Exercise aim » Take the entries below and print, exactly, the stretch from the line containing "Комплект от 11" through the line containing "Lucas van Valckenborch", both included.

Material provided »
--- START ---

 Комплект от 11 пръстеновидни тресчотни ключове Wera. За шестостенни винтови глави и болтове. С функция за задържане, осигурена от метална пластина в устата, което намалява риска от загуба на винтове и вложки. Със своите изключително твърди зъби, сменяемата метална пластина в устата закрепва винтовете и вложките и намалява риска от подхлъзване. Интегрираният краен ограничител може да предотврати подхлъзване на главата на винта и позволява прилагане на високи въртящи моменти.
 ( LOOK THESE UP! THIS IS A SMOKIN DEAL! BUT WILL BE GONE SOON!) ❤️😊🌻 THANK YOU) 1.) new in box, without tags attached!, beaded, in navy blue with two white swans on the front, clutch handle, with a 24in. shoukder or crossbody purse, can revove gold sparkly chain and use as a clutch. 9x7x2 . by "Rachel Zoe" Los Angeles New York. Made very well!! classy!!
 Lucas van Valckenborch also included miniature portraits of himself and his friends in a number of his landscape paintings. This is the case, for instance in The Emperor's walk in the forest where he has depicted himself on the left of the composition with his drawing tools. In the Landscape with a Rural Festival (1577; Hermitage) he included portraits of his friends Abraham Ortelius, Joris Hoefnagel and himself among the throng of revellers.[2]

--- END ---
--- START ---

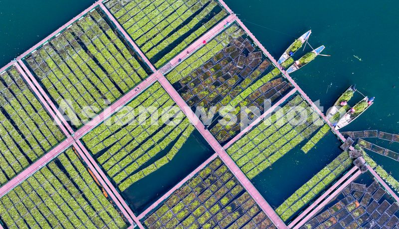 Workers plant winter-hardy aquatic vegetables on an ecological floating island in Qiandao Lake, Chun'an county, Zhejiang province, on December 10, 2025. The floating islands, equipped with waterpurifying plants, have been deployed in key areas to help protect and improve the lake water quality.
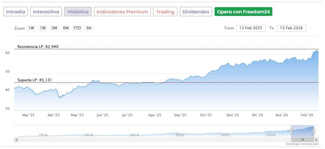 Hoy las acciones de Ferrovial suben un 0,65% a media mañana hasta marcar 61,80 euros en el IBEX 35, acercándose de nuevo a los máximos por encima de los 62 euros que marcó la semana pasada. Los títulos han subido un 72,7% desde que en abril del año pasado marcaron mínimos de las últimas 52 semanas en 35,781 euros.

--- END ---
--- START ---

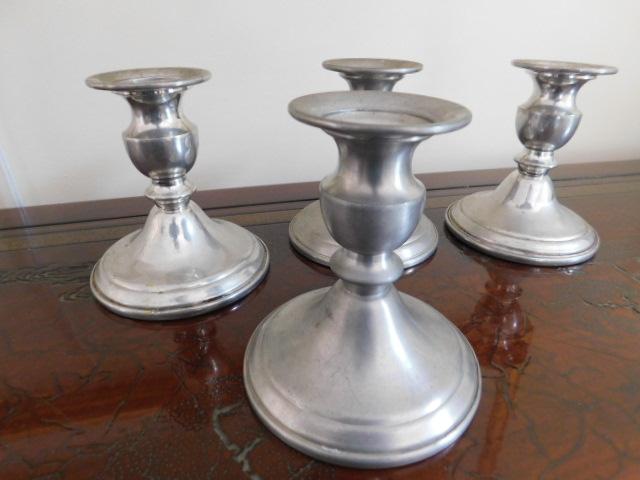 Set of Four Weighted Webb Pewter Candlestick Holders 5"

--- END ---

Task answer »
 Комплект от 11 пръстеновидни тресчотни ключове Wera. За шестостенни винтови глави и болтове. С функция за задържане, осигурена от метална пластина в устата, което намалява риска от загуба на винтове и вложки. Със своите изключително твърди зъби, сменяемата метална пластина в устата закрепва винтовете и вложките и намалява риска от подхлъзване. Интегрираният краен ограничител може да предотврати подхлъзване на главата на винта и позволява прилагане на високи въртящи моменти.
 ( LOOK THESE UP! THIS IS A SMOKIN DEAL! BUT WILL BE GONE SOON!) ❤️😊🌻 THANK YOU) 1.) new in box, without tags attached!, beaded, in navy blue with two white swans on the front, clutch handle, with a 24in. shoukder or crossbody purse, can revove gold sparkly chain and use as a clutch. 9x7x2 . by "Rachel Zoe" Los Angeles New York. Made very well!! classy!!
 Lucas van Valckenborch also included miniature portraits of himself and his friends in a number of his landscape paintings. This is the case, for instance in The Emperor's walk in the forest where he has depicted himself on the left of the composition with his drawing tools. In the Landscape with a Rural Festival (1577; Hermitage) he included portraits of his friends Abraham Ortelius, Joris Hoefnagel and himself among the throng of revellers.[2]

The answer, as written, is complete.